Doslak: Exactly. I will give you an example. I have laser direct imaging 100%, which allows us to do away with film. These advanced units literally taking an 18 x 24 manufacturing panel, which when using film had a tolerance of 0.005 mils, now allow us to image holding a tolerance as tight as 0.0005 mils. You can imagine registration and imaging capabilities and the success on that. Just in the last three years, I have a new LDI that went from 2 mils to now 18 micron. In two months, I'm going to have another one that gets us to 12 microns. Technology is out there and it is available for what we do, but you just have to stay on the cutting edge and reinvest for the future. In the last four years, you've seen dramatic improvements, and you either have to invest or sacrifice market share.

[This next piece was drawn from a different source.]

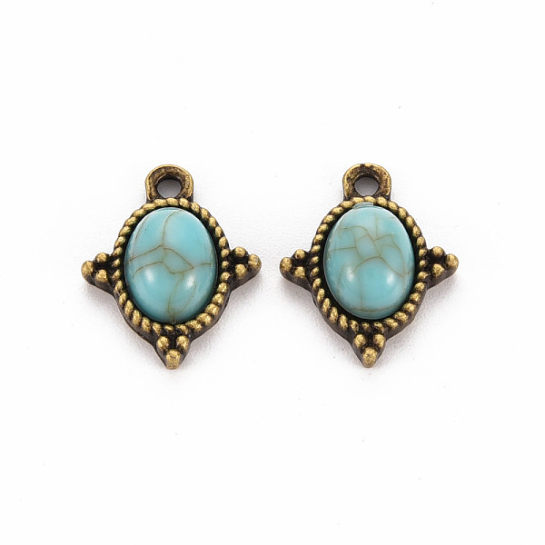 PandaHall Tibetan Style Alloy Charms, with Synthetic Turquoise, Cadmium Free & Lead Free, Oval, Antique Bronze, 15x12x5mm, Hole: 1.5mm Alloy... Price: $13.05 | PandaHall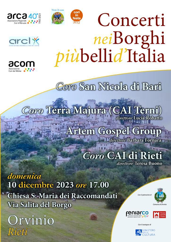 Il 10 dicembre 2023, alle ore 17,00 presso la Chiesa S. Maria dei Raccomandati, in Via Salita del Borgo ad Orvinio (RI), nell’ambito della rassegna “Concerti nei Borghi più belli d’Italia”, il Coro del Cai di Rieti, diretto dalla Maestra Teresa Buono, si esibirà insieme al Coro San Nicola di Bari, al Coro Terra Majura (Cai Terni), diretto dalla Maestra Lucia Robatto, al Coro Artem Gospel Group diretto dalla Maestra Barbara Fornara.

From a quality standpoint, for us to be able to build products that advanced, that's a great thing. If I can't verify the quality, then I'm kind of dead in the water. We had to reinvest in two brand-new AOI units called Fusion 22s. Yes, they're three times faster than what the old units could do, but the key advantage is they measure down to 25 microns. Most of my older units could not approach that standard.

You also can't go out and just buy one or two pieces of equipment and be a great PCB facility. You have to buy six to eight major pieces of different types of equipment to be able to accomplish what we call advanced hole-to-copper technology, which we are now down to 3.1 (hole to next copper feature). You can't just get by with one imaging unit. You've got to go through and have your etching process improved, your capabilities of prepping the holes improved, and X-ray for registration. In a way, you have to almost build your own scaling software to be able to predict material movement and to be able to reassure that you're going to get good products out the door.

Warner: Along those lines, if you were looking down the road three years from today with the equipment you're investing in and things you're looking at with your customers, what sort of challenges and future enablers are you looking at next?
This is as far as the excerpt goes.